I’m experimenting with recording my jazz trio. I’m trying an interesting setup:
I record with a Zoom H2.
I also record by plugging my electric keyboard directly into my laptop, and recording with Audacity. So, the Zoom records the three of us, and the laptop records only the piano. I then combine the two recordings in audacity, lining up the two audio streams. This gives me the ability to adjust the relative volume of the piano versus the other instruments.
Here’s a weird problem I don’t understand.
This works OK for a tune recorded at the beginning of the rehearsal (I leave both devices on all the time). Here’s an example:
Sound cards and other digital audio devices have an on-board “clock” signal to tell the device when to record or play the next audio samples.
On very expensive devices these clock signals are very accurate, but in professional studio set-ups they go one step further and wire multiple devices together so that they share the same clock signal. This is the only way to guarantee synchronisation between different digital audio devices.
If your two devices are keeping good time when they are cool and recently turned on, that is lucky. If they drift out of sync, that is (sadly) not surprising.
One easy, non-electronic way around this is to provide sync points. “2:30PM, Mark” and clap once. That gives you a concrete sync point to go back later and match things up again. You’ll figure out the drift rate and how often you need to do that.

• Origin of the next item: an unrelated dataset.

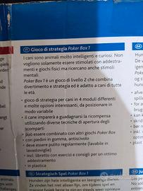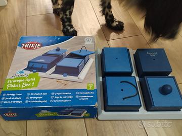 Gioco di strategia per cani Gioco d'intelligenza Trixie Dog Activity Poker Box per cani svegli e curiosi, con 4 scatole con diversi meccanismi di apertura, riempibili con snack, in plastica con piedini antiscivolo. I cani sono animali intelligenti e curiosi che oltre al movimento necessitano di stimoli continui, anche di tipo mentale. I prodotti firmati Dog-Activity sono stati appositamente sviluppati per il gioco interattivo tra cane e padrone. Il Dog Activity Poker Box è l'occupazione ideale per cani già allenati. Il compito del vostro amico quattro zampe sarà quello di aprire i quattro cassetti alla ricerca della ricompensa celata al loro interno. Considerato che questi ultimi si aprono in 4 modi diversi al cane sarà richiesta molta concentrazione e ingegno. Il gioco d'intelligenza Trixie Dog Activity Poker Box è lavabile in lavastoviglie. Prodotto alternativo ideale per offrire al proprio cane un passatempo intelligente! Inoltre, all’interno della confezione potrete trovare un mini manuale istruttivo con tanti esercizi e consigli utili per un allenamento vario e divertente.

On a motion picture shoot using film, this happens about every 11 minutes of running time.
Yes, that’s what that is and that’s what it does.
“Camera Mark” [Bang!].
Koz
It’s difficult to tell for sure what is going on in that second recording, so I was “best guessing”.
When you listened to each track individually (before mixing them), did they both sound OK, or did one sound noticeably too fast with clicks and/or jitters?
OK, two claps. Exactly ten minute apart – or longer – not using the computer clock. Figure out which one is off. If you play your cards right, they’ll both be off in different directions.
It should make no difference at all, but is one set to 44100, and the other 48000? One is Music CD standard and the other is video sound.
I’m going with the Zoom is probably very close. Those things are every popular and compulsive engineer friends of mine love theirs. The engineering definition of a successful piece of equipment is you can’t read the dials any more because the paint rubbed off and in any event you can’t see it right now because it’s out on a job.
The time base in your computer is likely to be floor sweepings.
You should do some kind of test like that. Concrete numbers are always good when diagnosing a problem from multiple time zones.